Informatica’s innovation was borrowing visual development techniques from 4GL RAD tools and backing it with a metadata engine to make data transformations visual and reusable. For his latest act, Informatica founder Gaurav Dhillon has returned to his roots, pushing ETL into the Web 2.0p world. His new venture, SnapLogic, exploits emergence of RESTful web services, a.k.a., Web-Oriented Architecture (WOA), which represents data, not as columns or rows in a relational table, but as web links that are searchable by Google. It combines that with a Microsoft Excel-like front end recognizable to power users, rather than the 4GL metaphors used by developers, and places the technology atop a commodity open source Apache Tomcat Java server. Using these technologies, you can connect to a growing array of data services, such as those provided by commercial providers like StrikeIron, or those that are already in the public or open source domain.

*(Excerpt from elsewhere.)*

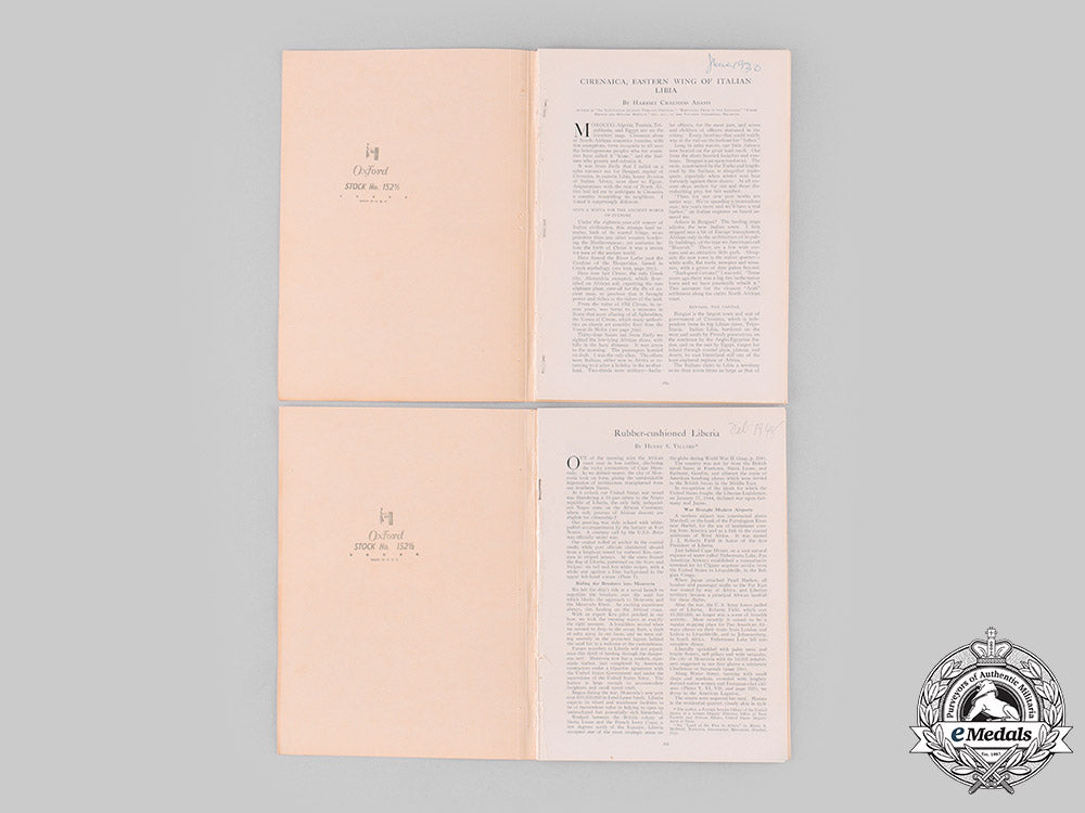 Germany, Federal Republic: Orden und auszeichnungen (Orders and Decorations), hardcover with dust jacket, distributed by Keysersche of Heidelberg and Munich, dated 1958, containing 190 pages, printed in black ink on a white paper stock, with black and white and colour plates on a coated paper stock interspersed throughout, perfect bound, measuring 110 mm (w) x 185 mm (h) x 20 mm (d); and United States: two Partial Issues of National Geographic (one dated June 1930, containing 38 pages; the other one about Liberia, dated February 1948; containing 28 pages, printed in black ink, the latter one with a few colour plates, both housed in their individual Oxford file folders).
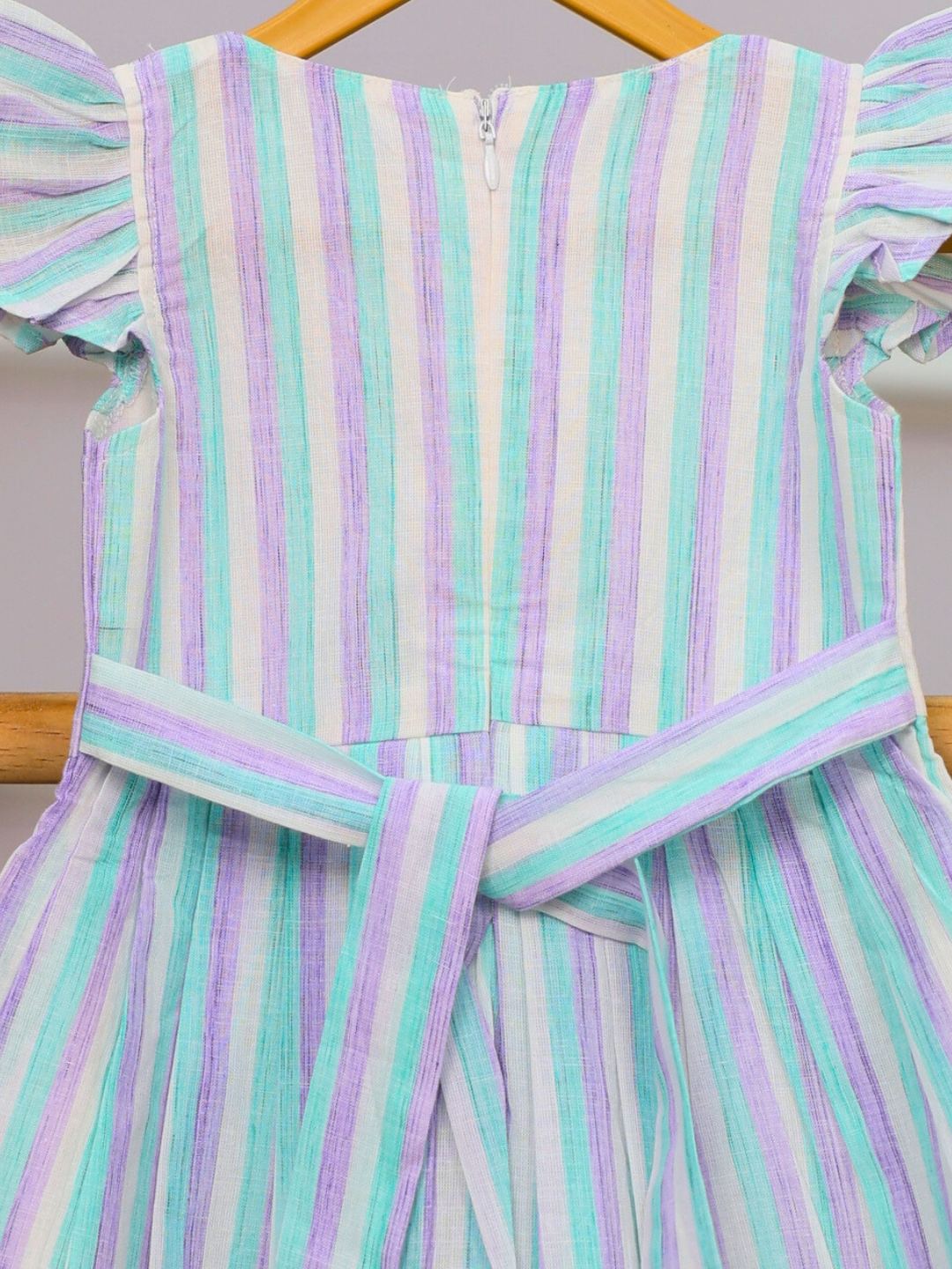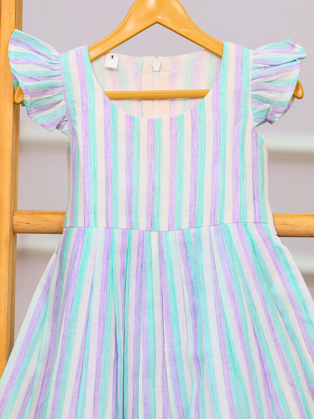 Classic Charm Stripes | Cap Sleeves Frock with Soft Lining

SnapLogic’s latest deals reveal its goals to make ETL available to SMB that previously judged the technology too expensive and complex. It has inked deals with SugarCRM to provide a high level front end that hides the complexity of its web services, and it has signed a deal to host its ETL services in Amazon’s EC2 compute cloud. The goal is to make the process as low-touch as possible.

Significantly, none of what SnapLogic is doing is totally new; providers like CastIron commoditize in an appliance the most popular data transformations that Informatica and others already perform; while Salesforce simplifies access to its web services with features such as Microsoft Outlook plug-ins. The difference is SnapLogic’s go-to-m,arket strategy and its leveraging of REST and open source, which makes the technology more platform-independent and more affordable than even Salesforce’s low prices (compared to Siebel et al).

It’s an auspicious start, but there’s no free lunch. RESTful services are certainly less complex and lighter weight than web services, as you don’t have complex headers and a bewildering array of standards to contend with. REST is simply about data access, retrieval, and updating – which is its greatest strength and weakness. If all you weant is data services, REST does the job far more efficiently than SOAP calls to WSDL services. However, REST is not extensible like web services, meaning you cannot make any of the safeguards, like authentication, authorization, or access intrinsic. In a risk-averse, increasingly compliance driven business world, where leaks of consumer credit card numbers have grown all too routine, you need to incorporate safeguards. Add the dangers of the unprotected cloud, as Computerworld’s Ephraim Schwartz reported in detail.

The good news is that the problem is so general and widespread as to lend itself to the same kind of open source commoditization that could spawn a new generation of partners with which the SnapLogics of the world could round out their vision.